Reports of Hong Kong’s death ‘greatly exaggerated’

     

Is Hong Kong’s pro-democracy movement undergoing a strategic shift?

During her fourth annual policy address, Hong Kong Chief Executive Carrie Lam praised the controversial national security law Beijing imposed earlier this year, saying the government’s priority is to protect the political system from “chaos” (SCMP/HT:CFR).

Beijing’s growing repression is forcing pro-democracy forces to innovate and adapt, one observer suggests.

Hong Kong’s legacy movement, commonly known as the “pan-dem” camp, followed a two-prong strategy, notes economics professor Yi-zheng Lian:

  • First, it would mobilize residents to regularly join orderly, police-approved mass gatherings in public places and point to the impressive head counts to pressure the government for concessions on electoral reforms.
  • Second, the pan-dems would try to get enough of their candidates elected to LegCo to block initiatives they opposed or gain some bargaining chips.

But a new wave of pro-democracy activists who cut their teeth on the 2014 Umbrella Revolution have turned the legacy movement on its head, he writes for the New York Times:

This movement is not easy to recognize; it is too fluid for that (Bruce Lee’s admonition, “Be water,” is one of its mottos).
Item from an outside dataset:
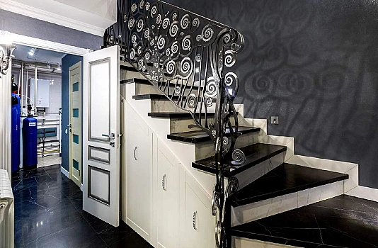 Внутренняя отделка: выполнена отделка под ключ: стены оштукатурены и покрашены, установлены натяжные потолки, в санузел на 2-м этаже – тёплые полы, на второй этаж ведёт бетонная лестница с коваными перилами.

It has no leader and no name. And it is resilient and combative, young but steely and already battle-tested….It will probably look like various opposition movements in other authoritarian states, such as Poland from 1939 to 1990 (first against fascism, then Communism) or Taiwan under Kuomintang rule (1945-87): An underground branch in Hong Kong will quietly bide its time while gaining strength; a more vocal overseas branch will canvass international support.

Predictions of Hong Kong’s demise have proven to be premature before (In 2007 Fortune ran another story entitled, “Oops! Hong Kong Is Hardly Dead”), adds Barbara Demick. Beijing seemed, at least initially, to honor its promises that Hong Kong could maintain its own legal system and rights of free speech and assembly for fifty years, she writes for the NYRB:

Hong Kong’s economy exploded with a fresh infusion of tourists, students, shoppers, and immigrants, mostly from the mainland. Urban planners enthused about what they called the Greater Bay Area or Pearl River Delta: the Guangdong, Hong Kong, and Macau megalopolis. The construction of both a high-speed rail line and a thirty-four-mile-long bridge linking Hong Kong to the mainland made travel between the two as effortless as trips between San Francisco and Silicon Valley.